А в Итоне он, надо сказать, угодил просто в рассадник, питомник, главную «колыбель» британского снобизма. Здесь «простолюдинов» не водилось вовек, хотя и особых барьеров для них вроде бы не было. «Безродных» тихо и незаметно, но категорично отделяли от «сословных». И знаете чем? Знанием латыни и древнегреческого. В частных дорогих приготовительных школах от выпускников требовалось не просто читать, но — говорить на них, и это «изысканное знание» ценой слез, протертых штанов и порок просто вбивалось в учеников. Без него немыслимо было поступать в Кембридж–Оксфорд–Эдинбург, чьи университетские дипломы почти автоматически делали в дальнейшем их обладателей (независимо от специализации) «своими» в высших слоях общества и заведомо обеспечивали карьерный рост. И ведь не придерешься к «традиции»: никакой дискриминации, мы лишь требуем от каждого фундаментальных знаний, в том числе классических языков. Ничего личного! Этот «трюк» Эрик, поначалу несомненно гордясь вступлением в круг итонцев, раскусит позже, когда в одном из очерков напишет: «В Англии… вся власть… принадлежит одному-единственному классу… Нами управляют воспитанники дюжины частных школ и всего двух университетов…»

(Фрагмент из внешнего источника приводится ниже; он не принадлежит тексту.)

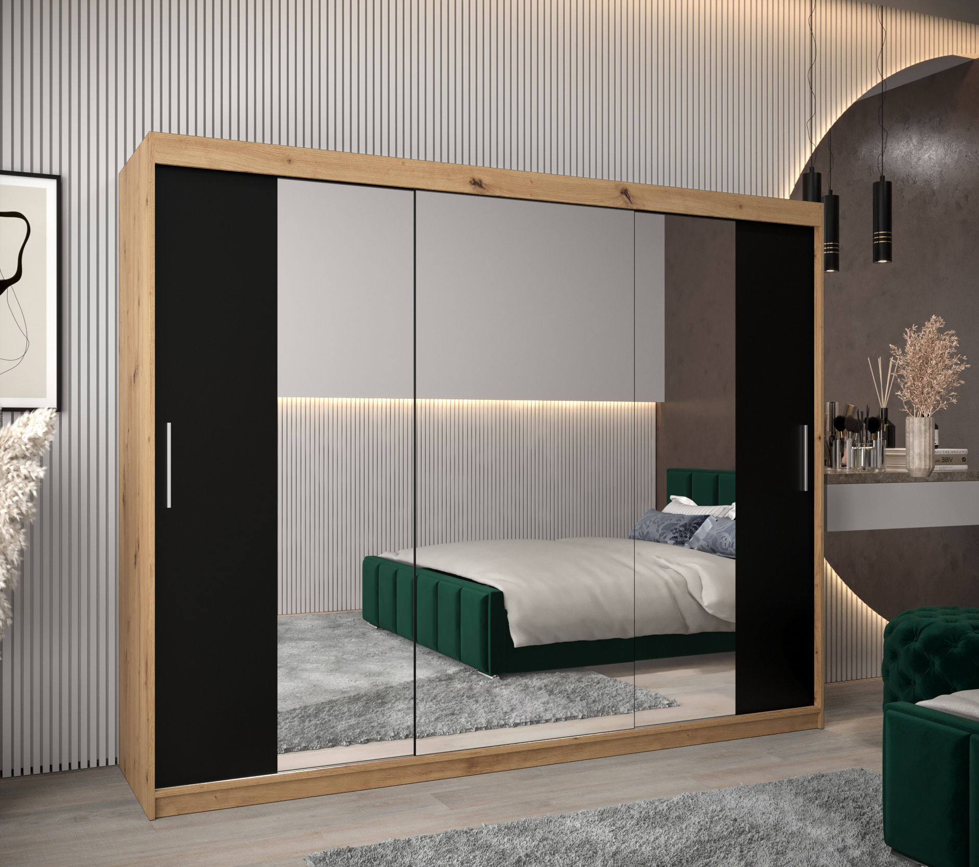 Skříň Abi T2 je dostupná v různých rozměrech, včetně šířky 250 cm. Celkové rozměry jsou:

Всё это будет еще. Пока же ему, «закаливая» душу, предстояло выдержать два экзамена, которые не значились в расписаниях. Экзамены-экзекуции! Первый так и назывался — «вступительный экзамен». Для этого новичок должен был взобраться на стол в общем зале и показать, на что способен: прочесть стихи, продемонстрировать фокус, акробатический трюк. Если не глянешься, в тебя полетят учебники, огрызки яблок, пеналы — всё, что попадется под руку. Эрик, хоть и не обладал хорошим слухом, «решился исполнить модную в то время американскую студенческую песенку “Спускаясь с Бангора”». Воображаю, как он «вытягивал» на столе:

На Восточном экспрессе,

Бангор покидая,

Отохотившись в Мэне,

В дебрях милого края,

С бородой и усами —

Не узнаешь в момент —

Едет поздоровевший

После лета студент[9].

Позже шутил, что именно по этой песенке и представлял себе в те годы «всю Америку». Гогочущему жюри, кстати, «хит» понравился: не огрызки — сплошной и даже бурный аплодисмент.

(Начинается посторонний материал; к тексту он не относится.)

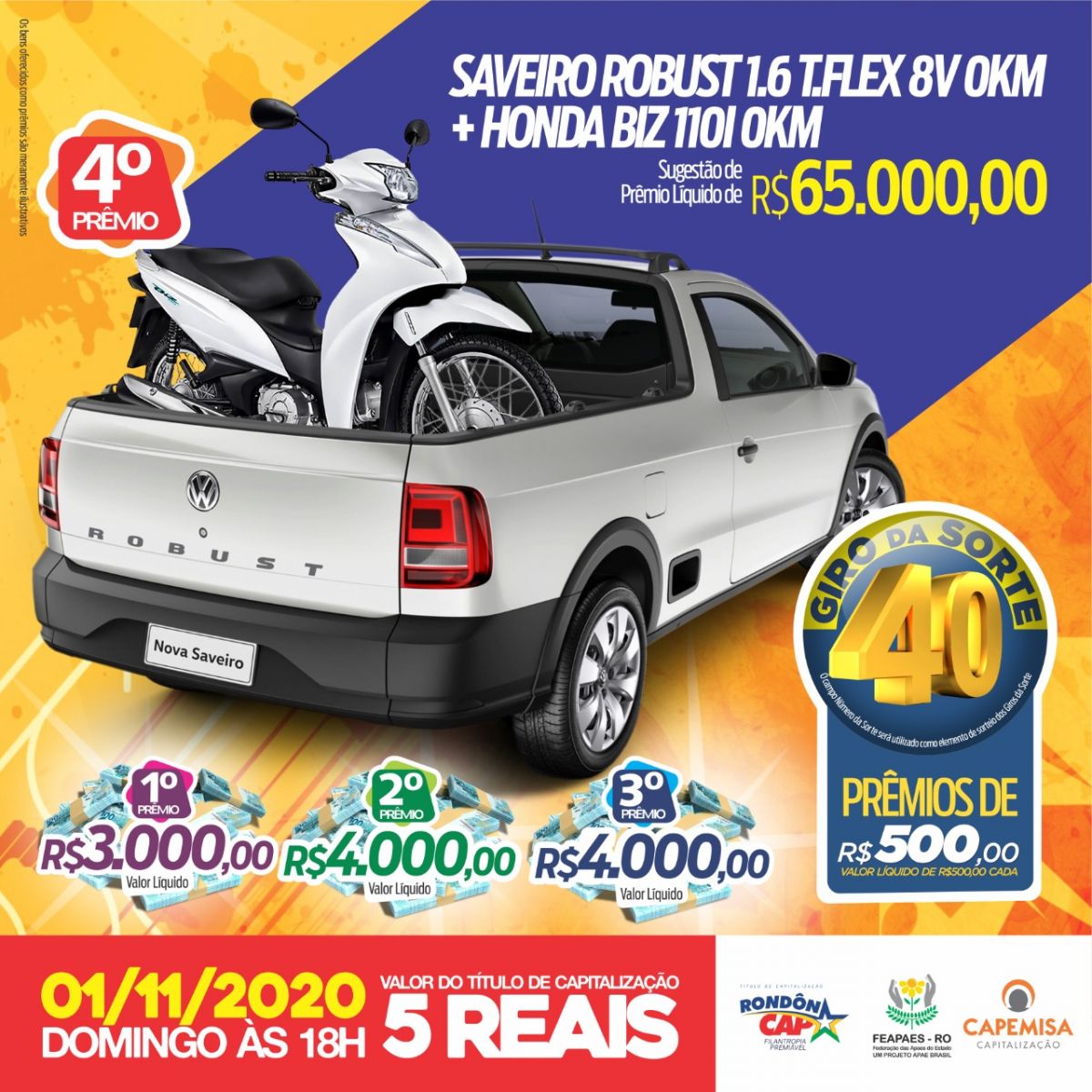 O Rondôncap premiou muita gente em outubro e em novembro vai premiar muito mais pra quem contribui com as Apaes de Rondônia, e pra começar novembro com pé direito tal ganhar um saveiro com uma biz na carroceria com apenas 5 reais?

Хуже было со вторым «экзаменом». Эрику, конечно, рассказывали о нем, и, когда перед отбоем в коридоре раздался зычный призыв: «Блэр, твоя очередь!», — он отправился на зов, как на заклание. На этот раз надо было смиренно войти к собравшимся выпускникам, прилюдно спустить штаны и лечь на лавку. Дальше следовала рутинная порка — «прописка» в Итоне. Пороли и за нарушение дисциплины, и воспринимать это надо было тоже как ритуал. Причем жертва не только не смела сопротивляться, но — и возражать. И, конечно, униженно натягивая брюки под крики: «Спокойной ночи, друг!», Эрик слабо утешался мыслью, что и он, став выпускником, будет почем зря драть младших.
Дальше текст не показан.